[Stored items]
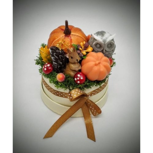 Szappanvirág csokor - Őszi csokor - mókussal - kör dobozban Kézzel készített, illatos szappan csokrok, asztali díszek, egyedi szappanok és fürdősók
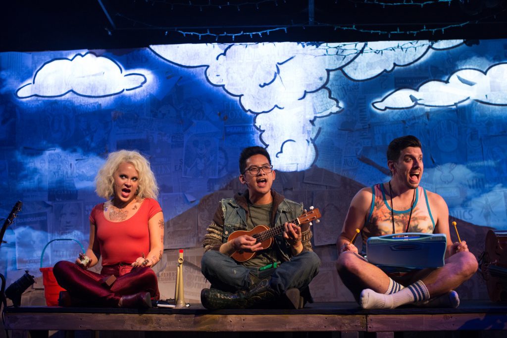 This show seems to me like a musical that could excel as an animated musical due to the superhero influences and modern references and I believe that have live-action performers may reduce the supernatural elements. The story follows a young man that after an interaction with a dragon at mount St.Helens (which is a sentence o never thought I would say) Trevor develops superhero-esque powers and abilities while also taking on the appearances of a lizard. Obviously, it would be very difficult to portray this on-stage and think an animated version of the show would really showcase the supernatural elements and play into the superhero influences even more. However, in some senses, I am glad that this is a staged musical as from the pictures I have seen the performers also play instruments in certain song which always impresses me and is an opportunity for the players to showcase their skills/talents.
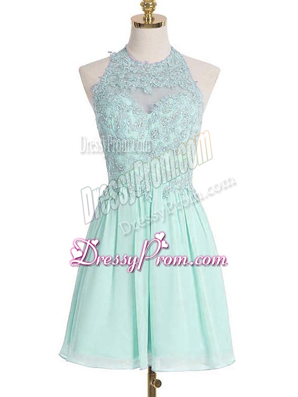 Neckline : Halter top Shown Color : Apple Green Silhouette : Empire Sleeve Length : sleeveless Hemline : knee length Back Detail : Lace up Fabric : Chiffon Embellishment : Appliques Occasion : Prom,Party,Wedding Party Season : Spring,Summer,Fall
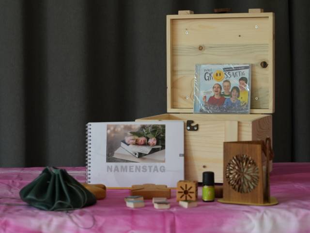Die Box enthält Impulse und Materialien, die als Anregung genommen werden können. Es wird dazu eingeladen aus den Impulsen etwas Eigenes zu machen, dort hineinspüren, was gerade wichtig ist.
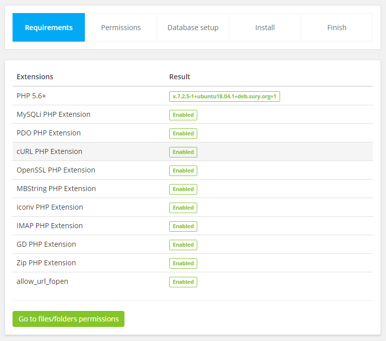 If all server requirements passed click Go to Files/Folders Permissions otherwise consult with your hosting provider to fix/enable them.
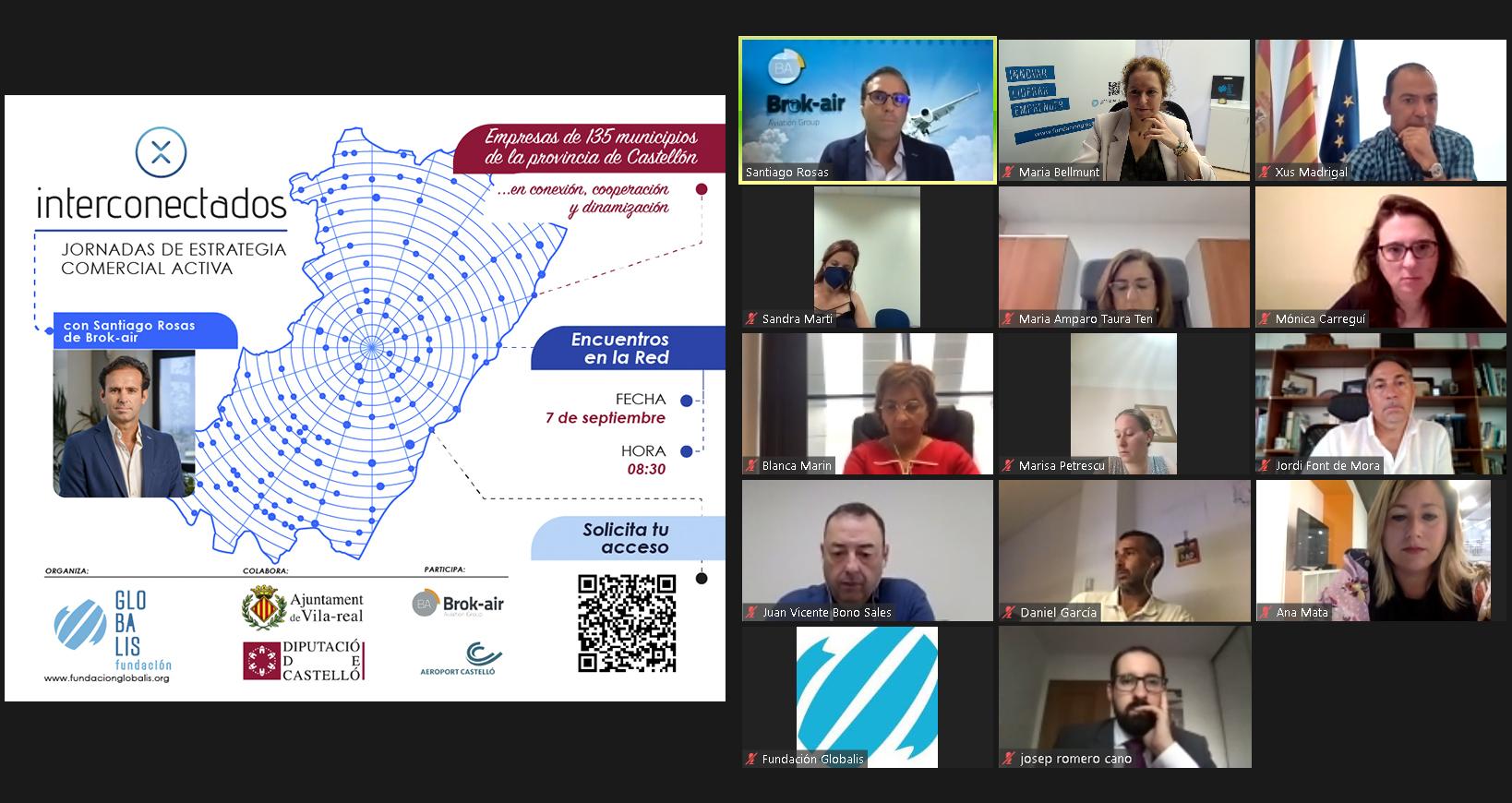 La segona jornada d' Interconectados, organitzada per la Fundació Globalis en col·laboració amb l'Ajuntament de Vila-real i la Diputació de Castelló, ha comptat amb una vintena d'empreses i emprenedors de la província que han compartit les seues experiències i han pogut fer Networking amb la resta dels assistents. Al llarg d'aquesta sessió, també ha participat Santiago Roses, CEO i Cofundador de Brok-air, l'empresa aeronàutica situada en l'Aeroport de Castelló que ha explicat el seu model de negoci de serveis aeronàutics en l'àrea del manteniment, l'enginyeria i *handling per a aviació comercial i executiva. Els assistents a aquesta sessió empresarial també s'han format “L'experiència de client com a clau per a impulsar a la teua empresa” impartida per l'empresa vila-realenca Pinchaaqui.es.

_Brief_.
Without the pictures, copy out each entry exactly as it stands.

_Response for this exercise_.
 Szappanvirág csokor - Őszi csokor - mókussal - kör dobozban Kézzel készített, illatos szappan csokrok, asztali díszek, egyedi szappanok és fürdősók
 This show seems to me like a musical that could excel as an animated musical due to the superhero influences and modern references and I believe that have live-action performers may reduce the supernatural elements. The story follows a young man that after an interaction with a dragon at mount St.Helens (which is a sentence o never thought I would say) Trevor develops superhero-esque powers and abilities while also taking on the appearances of a lizard. Obviously, it would be very difficult to portray this on-stage and think an animated version of the show would really showcase the supernatural elements and play into the superhero influences even more. However, in some senses, I am glad that this is a staged musical as from the pictures I have seen the performers also play instruments in certain song which always impresses me and is an opportunity for the players to showcase their skills/talents.
 Neckline : Halter top Shown Color : Apple Green Silhouette : Empire Sleeve Length : sleeveless Hemline : knee length Back Detail : Lace up Fabric : Chiffon Embellishment : Appliques Occasion : Prom,Party,Wedding Party Season : Spring,Summer,Fall
Die Box enthält Impulse und Materialien, die als Anregung genommen werden können. Es wird dazu eingeladen aus den Impulsen etwas Eigenes zu machen, dort hineinspüren, was gerade wichtig ist.
 If all server requirements passed click Go to Files/Folders Permissions otherwise consult with your hosting provider to fix/enable them.
 La segona jornada d' Interconectados, organitzada per la Fundació Globalis en col·laboració amb l'Ajuntament de Vila-real i la Diputació de Castelló, ha comptat amb una vintena d'empreses i emprenedors de la província que han compartit les seues experiències i han pogut fer Networking amb la resta dels assistents. Al llarg d'aquesta sessió, també ha participat Santiago Roses, CEO i Cofundador de Brok-air, l'empresa aeronàutica situada en l'Aeroport de Castelló que ha explicat el seu model de negoci de serveis aeronàutics en l'àrea del manteniment, l'enginyeria i *handling per a aviació comercial i executiva. Els assistents a aquesta sessió empresarial també s'han format “L'experiència de client com a clau per a impulsar a la teua empresa” impartida per l'empresa vila-realenca Pinchaaqui.es.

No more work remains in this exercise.